35 patients in the water group and 34 patients in the control group. Baseline
characteristics of the two treatment groups were comparable, as shown
in Table 1. No differences
on baseline as well as end-point values were observed between investigating
centers.
Signs of local irritation in both groups are illustrated in Table
2. Indeed, the water showed a more prominent effect on reducing
scaling from the first week of treatment (p = 0.02, between-group analysis),
and this was maintained through to the end of treatment (p = 0.0002, Table
2A). A beneficial effect of the water was also noted on erythema,
but only in terms of tendency (non significant between the groups at any
of the assessment points, Table
2B). No modulating effects on burning or itching could be observed
with the water in the study (Table
2C and D).
The number of patients that necessitated the adjuvant emollient tended
to be less numerous in the water group, i.e. 15 (43%), compared
to the control group, i.e. 22 (65%, p = 0.07, not significant).
Similarly, the mean number of daily applications (± SEM) of retinoic
acid was 28.97 (± 0.97) days with the water, and 26.03 (± 1.48)
days without (p = 0.16, not significant), and premature withdrawals to
local irritation were lower in the water group (1 patient) than the control
group (4 patients). The overall tolerance observed clinically by the investigators
supported this by demonstrating that the water group showed a better tolerance
profile than that of the control group (p = 0.04, Table
3). Finally, the severity of acne lesions in both groups after
the 28 days of treatment (end of the study) showed a significant improvement
in some components of acne (comedones/mycrocysts, and papules/pustules),
but with no significant difference between the two study groups (Table
4). No systemic adverse effects were reported in the two treatment
groups, during the study.
Discussion
Our findings showed that simple application of a water on acne-involved
skin is able to prevent or reduce scaling that often occurs during facial
retinoic acid treatment. Patient-perceived signs such as burning or itching
appeared to be more resistant to the adjuvant treatment with water.

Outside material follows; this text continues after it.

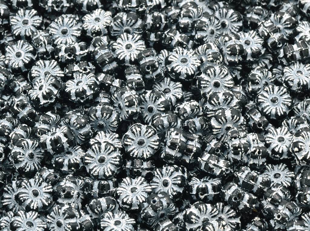 フラワービーズ、黒白ライン入り(23980-46401)、ガラス、チェコ共和国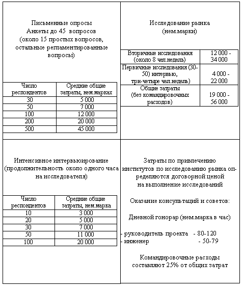 Наряду с рассмотренным подходом для оценки затрат на маркетинговые исследования могут быть использованы данные с помощью письменных опросов, интервью, исследование конкретных рынков (табл.3.1.). В этих случаях устанавливаются зависимости средних общих затрат на маркетинговые исследования от числа опрашиваемых или числа интервью. При исследованиях рынка устанавливаются зависимости, соответственно для первичных и для вторичных исследований, затрат на исследование в зависимости от трудоемкости получения информации (чел. неделях).

Because
frequent failure of topical therapy of acne often results from local intolerance
to the treatment and in loss of patient compliance, the association of
a topical retinoid with water spray might enhance the efficacy/tolerability
ratio of a topical retinoid alone.
Water is able to amend skin dryness by having a rapid hydration capacity
on the superficial layers of the skin. It increases softness and suppleness
of the skin, in a manner that is dependent on its mineral concentration
[5]. Avène water, which has a low mineral content, has also been
shown to be effective in relieving inflammatory intestinal mucosa in some
atopic patients, when taken orally [4]. In the present study, water treatment
was found to have protecting effects against some irritant activity of
retinoids in acne patients. This beneficial activity was significant in
scaling problems produced by retinoid treatment, and not significant on
erythema, burning and itching. The water effect enabled patients to avoid
the need for adjuvant moisturising emollients in some instances. Furthermore,
in this short-term study (4 weeks), water does not appear to alter the
therapeutic action of retinoic acid in acne. However, whether its significant
preventive effect on retinoic acid-induced scaling is due primarily to
its specific properties (i.e. Avène properties), or a non
specific action (i.e. properties of all waters) remains to be determined.

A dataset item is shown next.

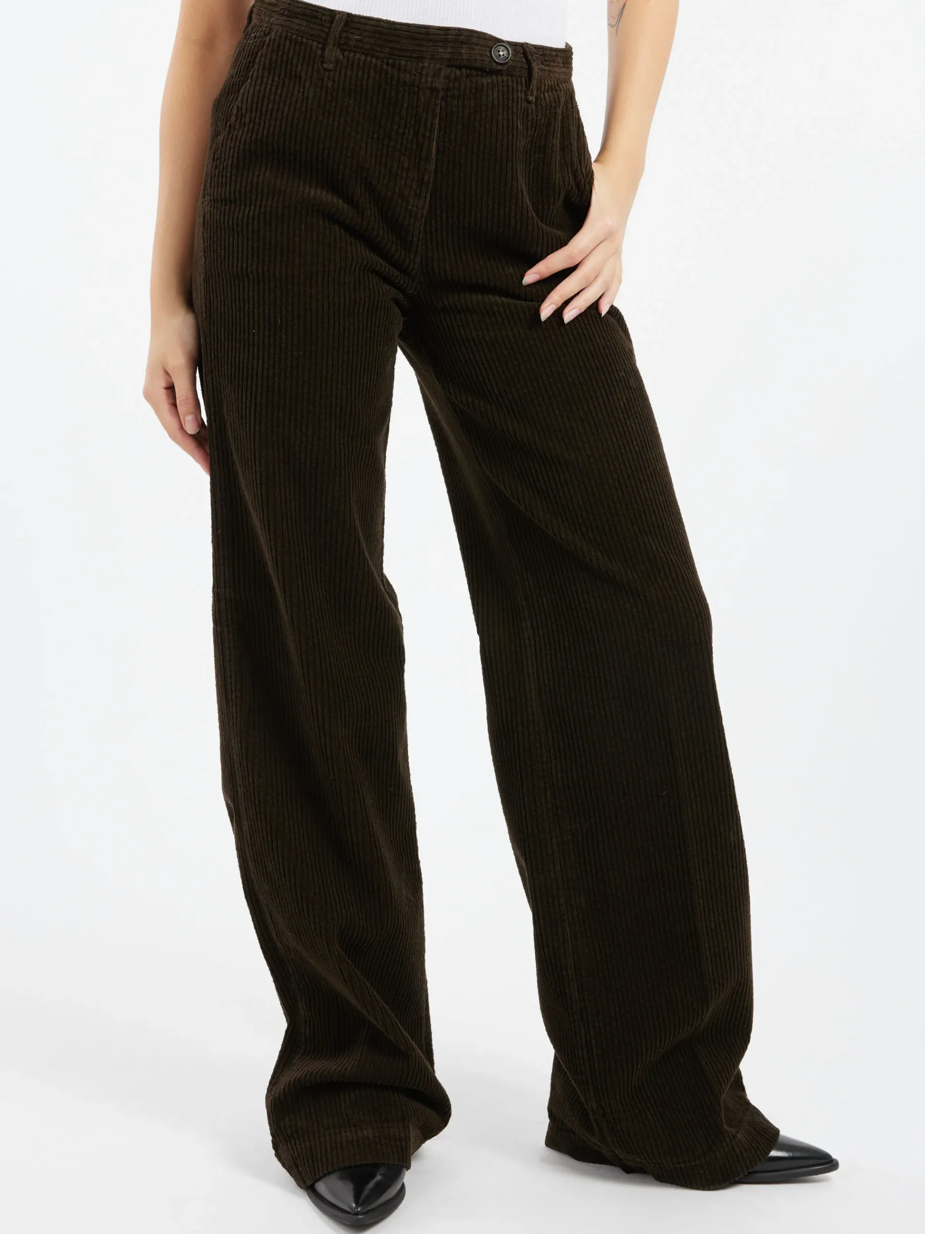 Massimo Alba high-rise pants with palazzo leg. Made of French corduroy cotton.

Also, further studies must be undertaken to verify the clinical advantage
of the water from the physician's point of view as well from the patient's
point of view, especially in comparison to waters with other characteristics.
In conclusion, skin hydration seems to be a promising adjuvant to retinoic
acid treatment of acne, in conjunction with or without an emollient.
Article accepted on 27/4/00
CONCLUSION Acknowledgements
We would like to thank Dr. N. Bizouard and members of the Association
de Recherche en Dermatologie.
This study has been sponsored by the Pierre-Fabre Research Institute.
Two of the authors (K. Vie and P. Dupuy) are employees of this institute.